Ao PÚBLICO, o autor conta que teve a ideia quando a pandemia estava a chegar a Portugal. “Tinha acabado o livro do estuário e queria começar um novo projecto mas faltavam-me ideias. Foi um pouco antes do confinamento, ia saindo em passeios pelo campo, com a minha filha, no tempo das orquídeas, na Arrábida, e surgiu este projecto”, relata.

Partiu então em busca das espécies que lhe “saltavam à vista” pela sua “graciosidade” ou “pelo lado indomável” e estas últimas deram foram mais difíceis de “apanhar”, por encontrarem em locais “onde só os mais afoitos se arriscam”, como troncos de árvores ou rochedos escorregadios.

As plantas escolhidas foram cuidadosamente fotografadas, em estúdio, para evitar que o contexto, “muitas vezes pelo lado positivo, outras pelo negativo” lhes “retirasse protagonismo”.

“Dedico o tempo necessário a cada uma. Às vezes estou três ou quatro horas de roda de uma única flor. Em estúdio chegam a ser oito horas. Chego a fazer três mil fotografias a uma única flor. Rebentava com uns quantos cartões. Às vezes fazia quatro ou cinco mil fotos numa tarde ou numa noite”, diz Pedro Narra.

Já a escolha é um processo mais fácil. “Começo por deitar fora o que não me interessa logo à partida e depois vou eliminando em várias fazes até ficar com quatro ou cinco fotos”, explica.

O resultado final é um “livro de arte, de cabeceira, que nem texto tem”. Nem o número das páginas consta, para deixar todo o espaço às flores. No total são um pouco mais de 100 páginas, algumas bem surpreendentes mesmo para quem olha para estas plantas há uma vida inteira. Por exemplo, poucos repararam já que as comuns flor-dos-rapazinhos apresentam realmente imagens semelhantes a pequenas crianças, assim como a flor-dos passarinhos contém uma pequena ave em flor.

O quotidiano de muitos mudou depois de verem o livro. “Tenho amigos, leitores, que me dizem, ‘é pá Pedro, agora vou para o trabalho a olhar para o chão, à procura de flores’”, partilha o fotógrafo.
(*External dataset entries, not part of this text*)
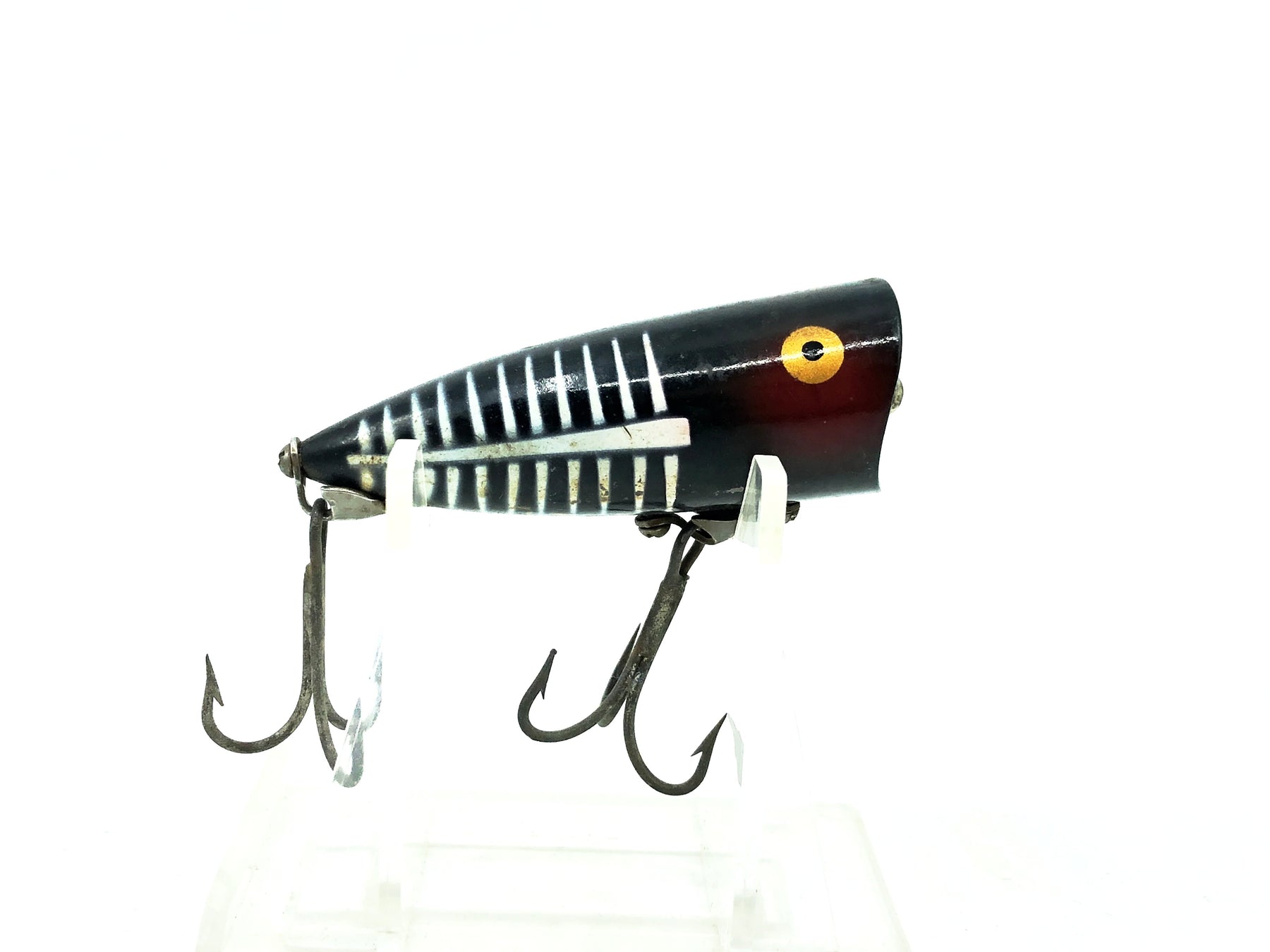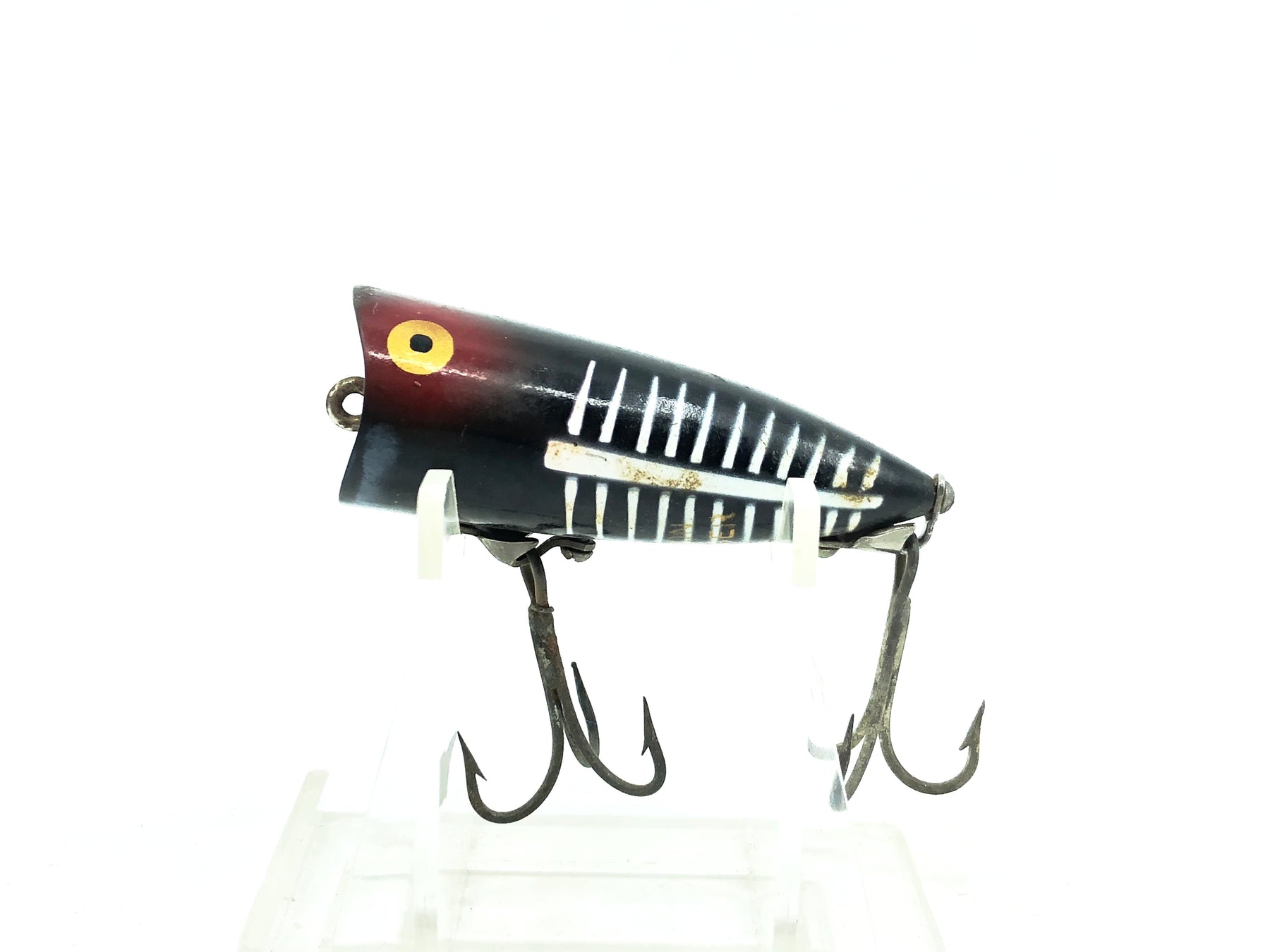 Heddon Chugger Spook Jr. 9520, XBW Black Shore Minnow Color. Classic Heddon bait here. Lure is about 2 1/4" long. Used but in good condition with some wear and minor marks, see photos. Tougher lure to find. Fish or collect.
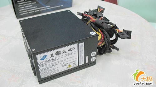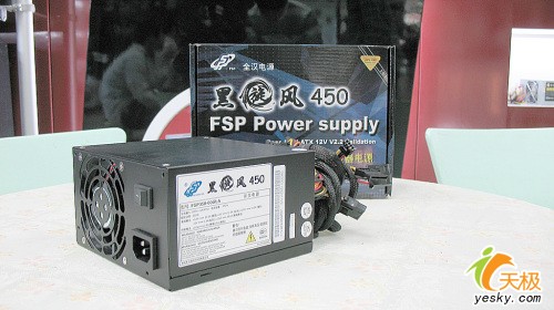 全汉黑旋风450,外观张扬奔放,黑色涂层很容易落下指印,采购时能作为参考依据。规格上,黑旋风450是款主动式PFC电源,较高的有效功率转换,拥有节能的特性。背部安装有8CM风扇,开关线路设计。电源符合英特尔制定的ATX12V 2.2版标准,12V双路输出,满足日益增加的使用需要。另外,节能环节上,该机的待机功耗也小于3W。
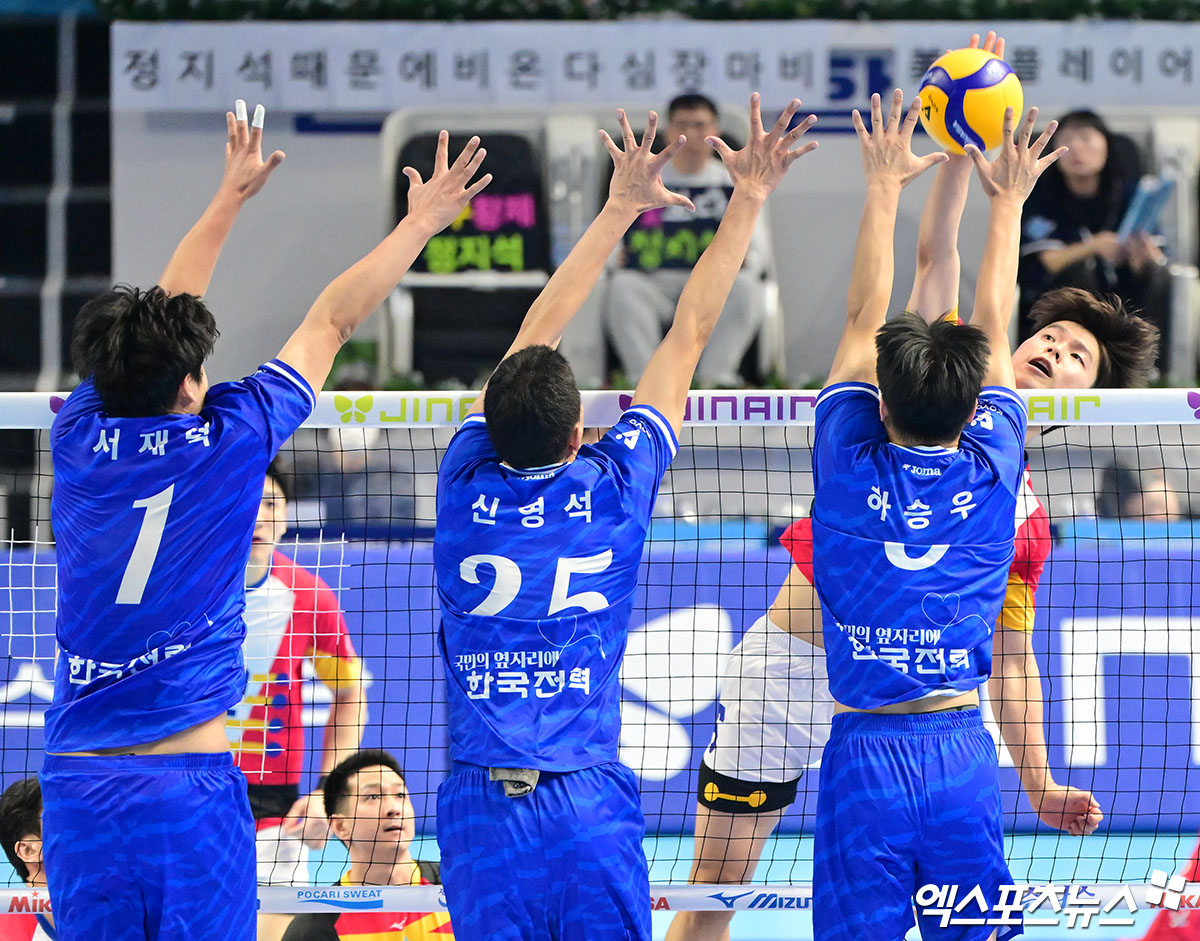 (엑스포츠뉴스 인천, 김한준 기자) 19일 오후 인천 계양체육관에서 열린 '진에어 2025-2026 V-리그' 대한항공과 한국전력의 경기, 대한항공 정한용이 공격을 시도하고 있다.

Uma obra que António Bagão Félix, autor do prefácio, considera um “hino botânico à vida”. O conhecido economista aceitou escrever pelo fascínio que tem pelas plantas e pela máquina fotográfica.

“A fotografia é uma das poucas realidades que têm poder sobre o tempo. Um poder que aqui fica bem evidenciado, em defesa e como testemunho de espécies vegetais que merecem viver e que, também, nos ajudam a viver”. 

A edição de autor contou com o apoio de várias instituições locais, como a Entidade de Turismo do Alentejo e a Secil, empresa intimamente ligada à serra da Arrábida e ao estuário do Sado, pela fábrica do Outão, que conta quase cem anos. A empresa que, durante um século, tem apoiado “centenas de iniciativas promovidas por setubalense, célebres ou anónimos”, diz que este livro “inscreve-se, com grande mérito, na nobre tradição de louvar a Serra da Arrábida”.

Selvagens – Estuário do Sado e Arrábida está à venda por 45 euros e, como algumas das plantas que retrata, só se encontra nalguns locais na zona de Setúbal.